Similarly, system 160 can derive whether the user's opinion about a
particular feature is positive or not based on the textual analysis
(e.g., "clean" or "smelly") and can assign a corresponding feature
value.
[0036] FIG. 1B illustrates exemplary components of a surprise
analysis system, in accordance with an embodiment of the present
invention. In this example, surprise detection module 162 obtains
recommend scores and the data fields representing the opinions
about individual features from a large set of reviews 150. In some
embodiments, surprise detection module 162 includes a prediction
mechanism 172, which trains a prediction (or clustering) model
based on the individual features of the large set of reviews.
Surprise detection module 162 can also include a feature extraction
mechanism 171, which extracts impactful features from a review.

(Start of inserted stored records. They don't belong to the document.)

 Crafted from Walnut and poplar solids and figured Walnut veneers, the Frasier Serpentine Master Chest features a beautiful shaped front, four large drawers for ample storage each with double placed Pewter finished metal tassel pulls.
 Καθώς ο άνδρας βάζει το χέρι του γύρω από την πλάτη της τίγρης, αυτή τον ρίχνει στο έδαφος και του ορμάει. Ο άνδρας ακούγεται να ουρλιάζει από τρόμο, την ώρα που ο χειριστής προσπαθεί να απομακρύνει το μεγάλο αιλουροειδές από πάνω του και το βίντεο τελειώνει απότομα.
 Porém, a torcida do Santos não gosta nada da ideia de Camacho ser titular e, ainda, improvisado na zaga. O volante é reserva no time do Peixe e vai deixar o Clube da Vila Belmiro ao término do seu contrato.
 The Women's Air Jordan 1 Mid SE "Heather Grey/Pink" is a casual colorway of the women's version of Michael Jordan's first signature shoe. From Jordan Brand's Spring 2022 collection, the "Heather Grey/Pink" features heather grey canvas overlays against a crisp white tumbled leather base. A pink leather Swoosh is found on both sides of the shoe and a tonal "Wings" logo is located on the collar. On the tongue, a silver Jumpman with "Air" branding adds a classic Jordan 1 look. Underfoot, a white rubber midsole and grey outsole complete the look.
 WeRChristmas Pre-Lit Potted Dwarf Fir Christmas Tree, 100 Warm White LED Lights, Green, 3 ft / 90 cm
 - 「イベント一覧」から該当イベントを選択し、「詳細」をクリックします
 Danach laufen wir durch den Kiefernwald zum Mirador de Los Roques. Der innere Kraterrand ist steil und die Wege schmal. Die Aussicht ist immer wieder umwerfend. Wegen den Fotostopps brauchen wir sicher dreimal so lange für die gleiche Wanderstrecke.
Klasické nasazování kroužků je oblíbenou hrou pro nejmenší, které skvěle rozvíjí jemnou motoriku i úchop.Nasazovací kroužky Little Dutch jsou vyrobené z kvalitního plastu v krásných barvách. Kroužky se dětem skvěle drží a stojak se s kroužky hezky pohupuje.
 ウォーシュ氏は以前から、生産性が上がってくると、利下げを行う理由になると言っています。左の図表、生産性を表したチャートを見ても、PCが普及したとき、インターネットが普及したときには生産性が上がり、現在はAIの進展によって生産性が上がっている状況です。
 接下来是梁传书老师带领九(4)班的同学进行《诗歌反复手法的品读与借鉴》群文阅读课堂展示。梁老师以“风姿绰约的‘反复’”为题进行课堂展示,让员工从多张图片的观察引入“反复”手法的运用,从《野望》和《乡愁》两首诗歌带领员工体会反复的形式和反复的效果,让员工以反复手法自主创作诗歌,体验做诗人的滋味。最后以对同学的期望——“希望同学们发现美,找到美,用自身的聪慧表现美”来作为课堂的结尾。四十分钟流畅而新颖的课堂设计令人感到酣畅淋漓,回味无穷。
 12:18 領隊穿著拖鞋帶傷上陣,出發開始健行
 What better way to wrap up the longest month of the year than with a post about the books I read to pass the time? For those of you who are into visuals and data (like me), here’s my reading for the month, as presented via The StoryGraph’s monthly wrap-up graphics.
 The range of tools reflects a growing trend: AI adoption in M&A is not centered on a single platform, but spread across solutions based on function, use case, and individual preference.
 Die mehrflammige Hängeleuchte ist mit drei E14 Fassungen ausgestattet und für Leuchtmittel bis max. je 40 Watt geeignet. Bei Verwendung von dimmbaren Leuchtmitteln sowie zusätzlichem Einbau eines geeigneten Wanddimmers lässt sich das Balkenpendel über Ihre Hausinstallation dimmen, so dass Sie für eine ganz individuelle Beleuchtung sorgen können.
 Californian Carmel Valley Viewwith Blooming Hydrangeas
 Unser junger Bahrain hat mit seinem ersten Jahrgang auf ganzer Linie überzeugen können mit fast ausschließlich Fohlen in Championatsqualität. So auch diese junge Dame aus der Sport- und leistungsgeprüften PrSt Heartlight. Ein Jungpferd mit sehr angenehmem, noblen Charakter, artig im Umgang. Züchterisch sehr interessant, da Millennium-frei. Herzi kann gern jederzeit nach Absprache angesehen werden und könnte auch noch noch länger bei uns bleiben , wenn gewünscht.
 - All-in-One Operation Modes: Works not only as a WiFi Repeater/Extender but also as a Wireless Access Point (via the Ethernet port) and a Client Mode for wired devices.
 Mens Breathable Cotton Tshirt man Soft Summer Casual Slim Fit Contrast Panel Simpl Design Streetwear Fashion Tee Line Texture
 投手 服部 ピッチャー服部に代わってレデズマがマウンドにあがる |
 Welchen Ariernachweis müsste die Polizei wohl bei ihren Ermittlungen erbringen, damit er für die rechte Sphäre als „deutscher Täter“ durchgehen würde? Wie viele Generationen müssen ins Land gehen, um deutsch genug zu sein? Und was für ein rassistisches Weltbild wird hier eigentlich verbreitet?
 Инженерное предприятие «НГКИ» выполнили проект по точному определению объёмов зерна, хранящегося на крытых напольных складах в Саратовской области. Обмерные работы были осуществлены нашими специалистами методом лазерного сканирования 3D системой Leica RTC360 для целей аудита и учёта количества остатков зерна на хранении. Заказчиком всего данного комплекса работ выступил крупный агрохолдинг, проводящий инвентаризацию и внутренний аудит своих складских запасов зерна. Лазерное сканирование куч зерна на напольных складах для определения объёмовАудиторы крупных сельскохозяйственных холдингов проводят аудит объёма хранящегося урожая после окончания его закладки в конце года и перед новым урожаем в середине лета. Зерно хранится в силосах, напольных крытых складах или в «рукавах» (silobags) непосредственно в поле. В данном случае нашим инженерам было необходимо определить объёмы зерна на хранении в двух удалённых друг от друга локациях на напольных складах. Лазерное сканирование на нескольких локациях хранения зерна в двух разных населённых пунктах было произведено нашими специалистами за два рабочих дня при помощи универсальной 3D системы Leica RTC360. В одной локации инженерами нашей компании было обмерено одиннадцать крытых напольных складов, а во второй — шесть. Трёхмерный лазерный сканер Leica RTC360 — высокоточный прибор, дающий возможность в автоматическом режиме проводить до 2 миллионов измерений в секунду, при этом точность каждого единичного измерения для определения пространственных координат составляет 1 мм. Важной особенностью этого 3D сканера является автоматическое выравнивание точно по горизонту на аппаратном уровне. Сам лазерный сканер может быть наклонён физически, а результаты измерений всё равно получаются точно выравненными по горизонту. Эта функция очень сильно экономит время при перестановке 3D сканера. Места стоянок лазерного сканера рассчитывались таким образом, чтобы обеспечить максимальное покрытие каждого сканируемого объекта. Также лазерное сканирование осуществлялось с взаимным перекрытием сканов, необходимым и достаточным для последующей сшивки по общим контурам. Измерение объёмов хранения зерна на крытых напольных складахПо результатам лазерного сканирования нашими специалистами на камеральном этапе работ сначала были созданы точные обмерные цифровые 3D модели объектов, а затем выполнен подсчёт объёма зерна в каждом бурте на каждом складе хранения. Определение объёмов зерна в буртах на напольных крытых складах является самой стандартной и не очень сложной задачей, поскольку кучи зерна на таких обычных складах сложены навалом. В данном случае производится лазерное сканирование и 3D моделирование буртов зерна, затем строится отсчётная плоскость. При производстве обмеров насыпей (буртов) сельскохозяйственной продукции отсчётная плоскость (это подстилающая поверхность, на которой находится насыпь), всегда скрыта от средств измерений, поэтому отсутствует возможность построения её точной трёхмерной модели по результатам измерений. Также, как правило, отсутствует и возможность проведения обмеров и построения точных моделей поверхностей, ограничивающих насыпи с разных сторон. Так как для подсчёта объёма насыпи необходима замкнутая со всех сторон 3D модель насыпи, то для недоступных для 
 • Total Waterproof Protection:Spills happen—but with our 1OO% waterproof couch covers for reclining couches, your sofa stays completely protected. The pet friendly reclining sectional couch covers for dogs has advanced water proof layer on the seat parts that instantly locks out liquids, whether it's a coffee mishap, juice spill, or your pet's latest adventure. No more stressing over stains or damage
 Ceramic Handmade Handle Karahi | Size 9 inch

These features are the most indicative of a user's sentiments.
Prediction mechanism 172 then predicts a recommend score based on
the opinions expressed about those impactful features. Surprise
detection module 162 then compares the recommend score of the
review with the predicted score, and upon detecting a significant
discrepancy, detects a surprise.
[0037] Text analysis module 164 obtains the detected surprises and
analyzes them for insights. Text analysis module 164 includes a
feature discovery mechanism 173, which uses text analytics
techniques to determine the features that caused the surprise. Text
analysis module 164 also includes a sentiment analysis mechanism
174, which determines the sentiment associated with those features.
In this way, text analysis module 164 provides insights (e.g.,
common features and sentiment) into the detected surprise. Text
analysis module 164 can also include an information retrieval
mechanism 175, which facilitates interaction with text analysis
module 164 by allowing a user to retrieve examples on demand.
Information retrieval mechanism 175, in conjunction with
presentation interface 166, allows users to retrieve the examples
based on a feature (e.g., sentences/surveys associated with a
feature) or an example (e.g., sentences/surveys similar to the
current example).
[0038] In some embodiments, presentation interface 166 obtains the
insights and examples from text analysis module 164. Presentation
interface 166 can be an interface for a computing device (e.g., a
monitor of a desktop or laptop), or an adjusted interface for a
cellular (e.g., a cell phone or a tablet) device. Presentation
interface 166 includes a visual representation mechanism 176, which
presents the insights and sentiments in a graphical or textual
representation. Presentation interface 166 can also include an
interactive interface 177, which allows the user to use information
retrieval mechanism 175 to extract features and examples for a
specific feature. In some embodiments, interactive interface 177
also provides recommendations (e.g., from a user's suggestions)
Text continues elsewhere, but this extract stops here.